Mindy’s story in this is about her giving up her childhood. Do you relate to that at all, growing up in Hollywood?
Not in that way. I relate to her in different ways. I think growing up in Hollywood, I’ve actually had a greater childhood, because I’ve been able to see what I’m learning in my history books, I've been able to go and actually see it around the world, and I’ve been able to experience it first hand, whereas a lot of my friends have only been able to travel for summer to small locations, while I’ve been able to live in London for three years, go to Berlin, go to Bora Bora, go to all these crazy locations, and I’m only 16.
I feel that my childhood has been a lot more immense than most, to be honest.
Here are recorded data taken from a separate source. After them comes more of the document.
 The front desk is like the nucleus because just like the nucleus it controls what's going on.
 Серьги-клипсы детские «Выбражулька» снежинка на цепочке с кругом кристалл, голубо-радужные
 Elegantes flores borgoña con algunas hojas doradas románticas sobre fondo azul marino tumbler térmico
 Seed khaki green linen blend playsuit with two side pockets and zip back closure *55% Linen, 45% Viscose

I think what I have in common with Hit Girl and Mindy McCready is, I think, the strength of who they are – not physically, but emotionally. I talk about them as two different girls, in a way, because they are, but the strength that they have as people, is very much how I am in real life.
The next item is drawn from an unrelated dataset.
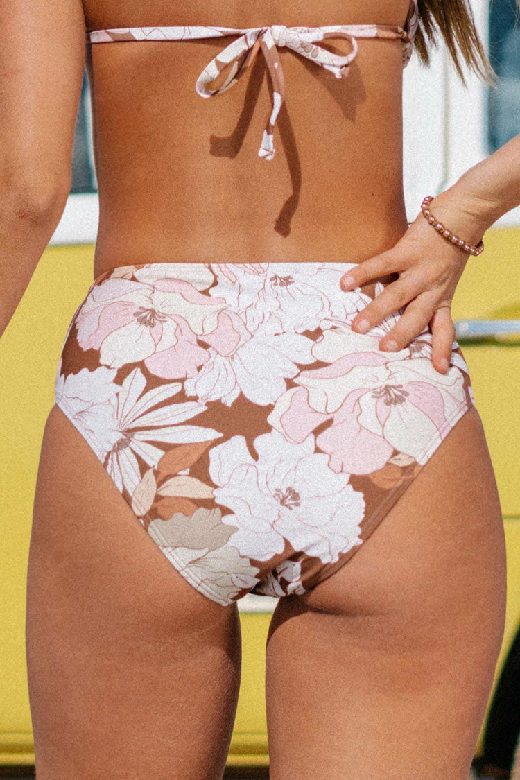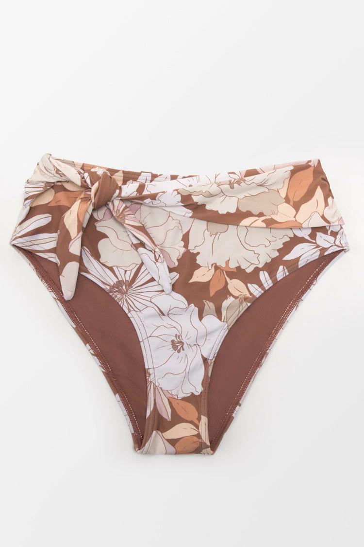 Our Kari Floral High Waisted Tie Bikini Bottom is a must-have addition for your swim collection! The tie waist detail will add more support for you. High waisted bottom for a flattering tummy coverage.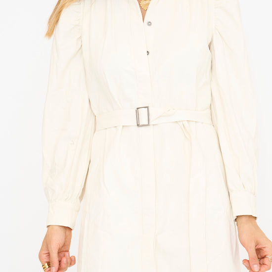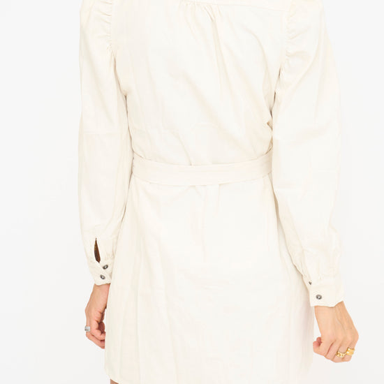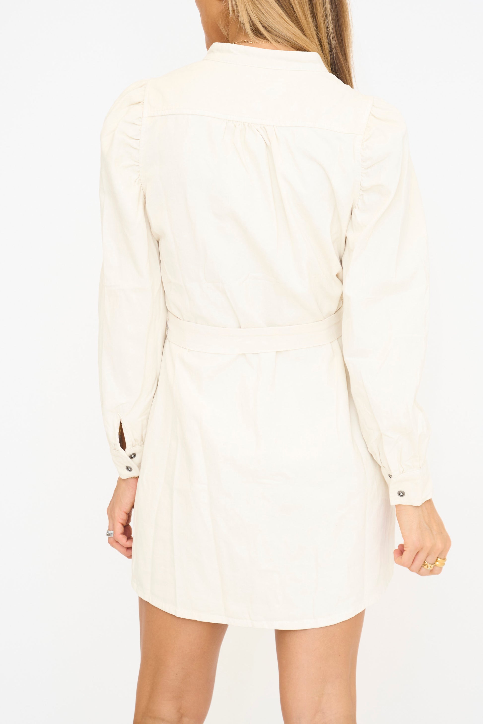 Cream dnim Puff Sleeve Belted Dress offers a modern twist on classic denim with its flattering silhouette and stylish puff sleeves.

Do you ever yearn for things like just going to the prom or to the mall?
I’ve done all of them. I’ve done all that. I went to the prom, went to the mall. I’ve done all that stuff, but to be honest, it’s fun, but what I find fun is going to my premieres, that’s my prom night. That’s when I get to dress up and be with the people who support me and talk about the stuff that I love, that’s why I do it. Not not being a normal kid, because I am a normal kid, but not doing the things that – what they look forward to in their year is different from what I look forward to, but it’s equal at the same time.
Your character took some heat in the first film because of her fruity language, and she gets a bit like that again. What’s your response to that?
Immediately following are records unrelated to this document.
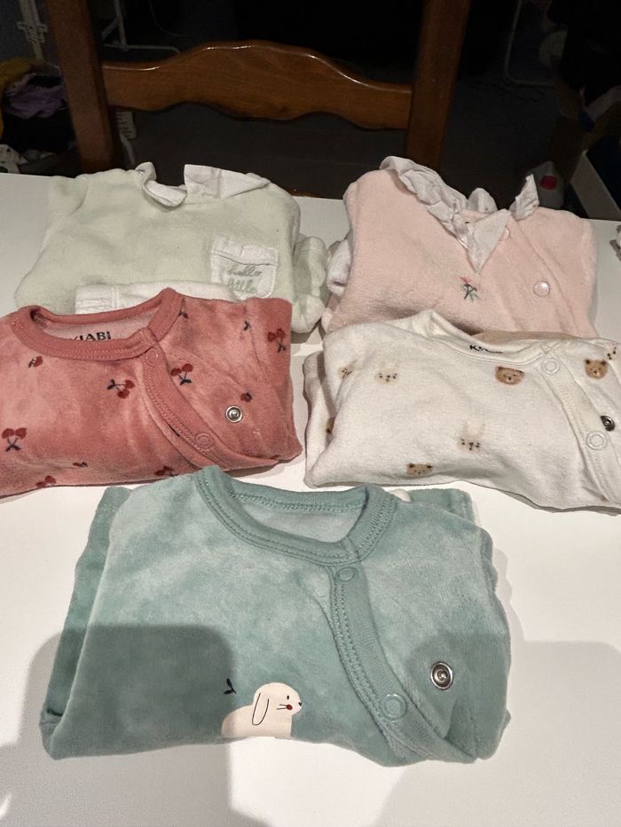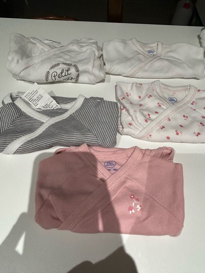 Bonjour, Je vend pyjama et bodies naissance pour filles Marque petit bateau KIABI et mots d’enfants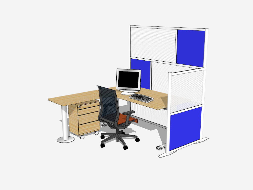 L Shaped Office Cubicle Workstation Desk Office 799L shaped office cubicle workstation desk with storage sketchup 3d model for office furniture design.DownloadEdges:17684Faces:6569File Version:SketchUp 8.skp File Size:1.88 MBTag Count:10Materials:32Render:NoneCubiclesDesksOffice Chair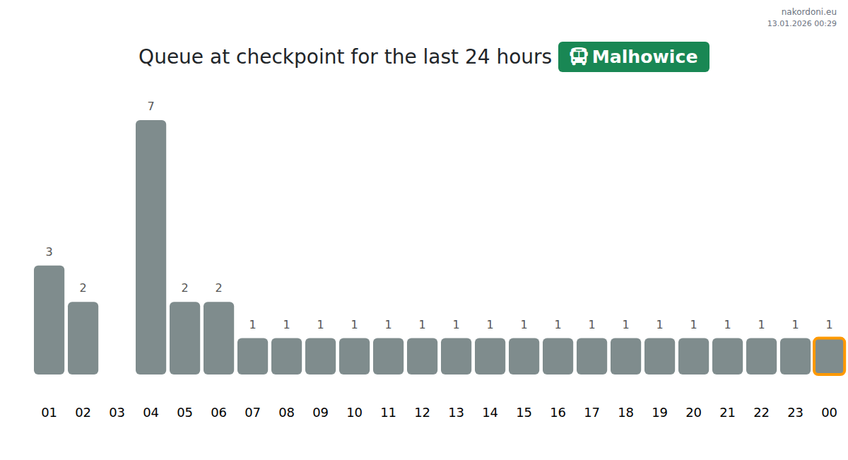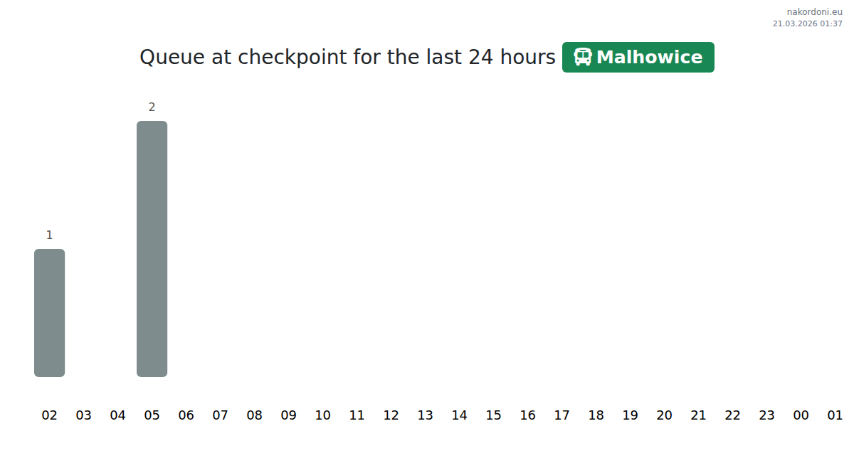 To avoid long queues at the Malhowice - bus checkpoint, it is recommended to plan your border crossing during the least busy hours. According to the data from the past day, the lowest number of vehicles was observed between 1:00 and 3:00 hours. This is the ideal time to cross the border, saving time and avoiding delays.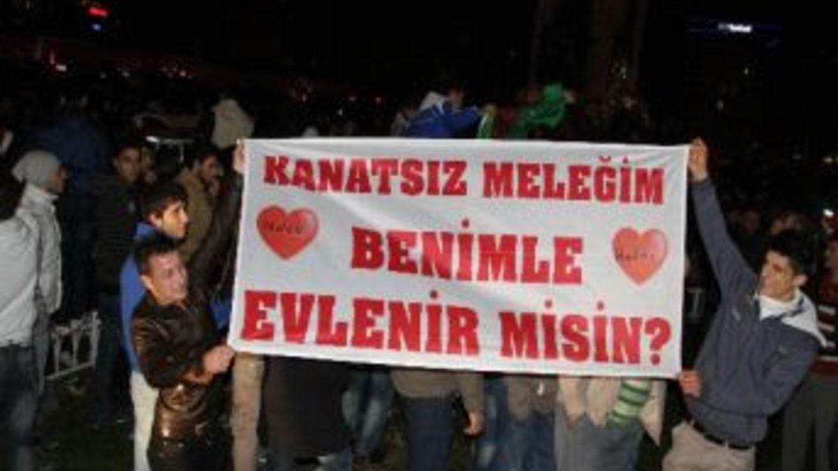 İstanbul'da yılbaşı kutlamalarına katılan bir genç, sevdiği kıza pankartla evlilik teklifi yaptı.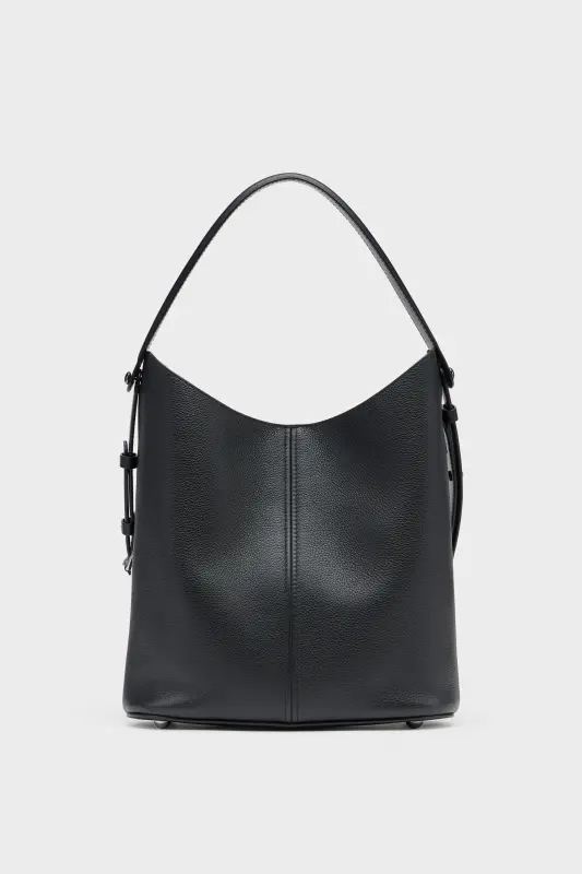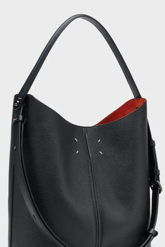 The Maison launches the Dress-age hobo for SS25, crafted from soft pebbled calfskin. With an equestrian spin, the small handbag features classic leatherwork and refined lines, combining unconscious glamour with gestural design. It follows a conical shape with contrast dual-wear strap detail. The studded base allows the bag to stand, and the inner is adorned with the logo. Maison Margiela's signature, the four stitches, appear at the back; the opposite of a label.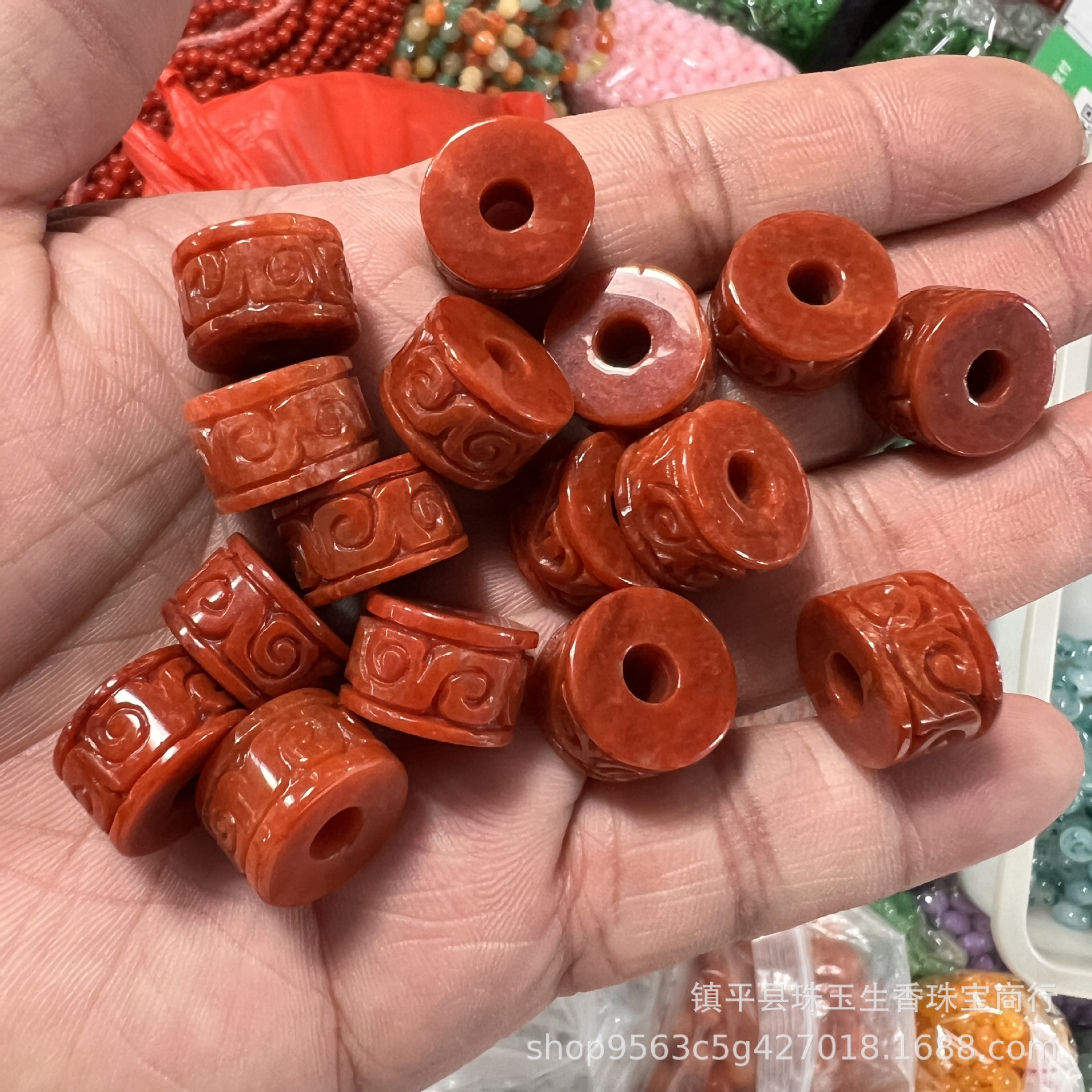 赤翡翠彫刻パターンバレルビーズルースビーズ卸売 diy 翡翠ジュエリーアクセサリーマネービーズ大穴バレルビーズ passepartout

To be honest, it’s a movie, and I think that the funny bit is that, if you’re going to believe and really be affected by an action film, you definitely shouldn’t go and see Pocahontas, because you’re going to think you’re a Disney princess. If you’re that easily swayed, you shouldn’t be watching any film, because you might go and see Silence of the Lambs and think you’re a serial killer. It’s a movie, and it’s fake, and I’ve known that since I was a kid. That was why I was allowed to do the movie. I don’t run around trying to kill people and cuss. If anything these types of roles teach you what not to do.
Do you think of her as a bit of a role model in some ways though?
In emotional ways, yeah. In the way that she’s strong, and in the way that she conducts herself, yes and no, because I don’t think you should deal with situations with bullies by making them sick, and I don’t think you should beat people up. I think she teaches you that we have an inner super hero inside all of us. You can treat things with a higher form of justice, which is just emotional, being self-assured, which is a problem with most of the youth of all of our countries. The common thing is that none of the kids around my age are self-assured at all, and none of them know who they are. These type of characters are [able to help] people to feel it’s okay to not feel self-assured, but you can figure out who you are at a young age, and not fall on your face doing it.
What was it like playing Carrie in relation to playing Hit Girl?
Very different, very different. I went from being in pig’s blood every night for two months, to having a weekend off, and going straight into my leather, purple outfit and fighting and doing crazy stuff. It was very bi-polar, but I feel what it did for Hit Girl, was that it actually made her more emotional. I’d been doing that serious role for such a time that I had like a big file of emotions that I could just throw into a scene, so it made everything easier access for me. It made Hit Girl more dynamic in a way.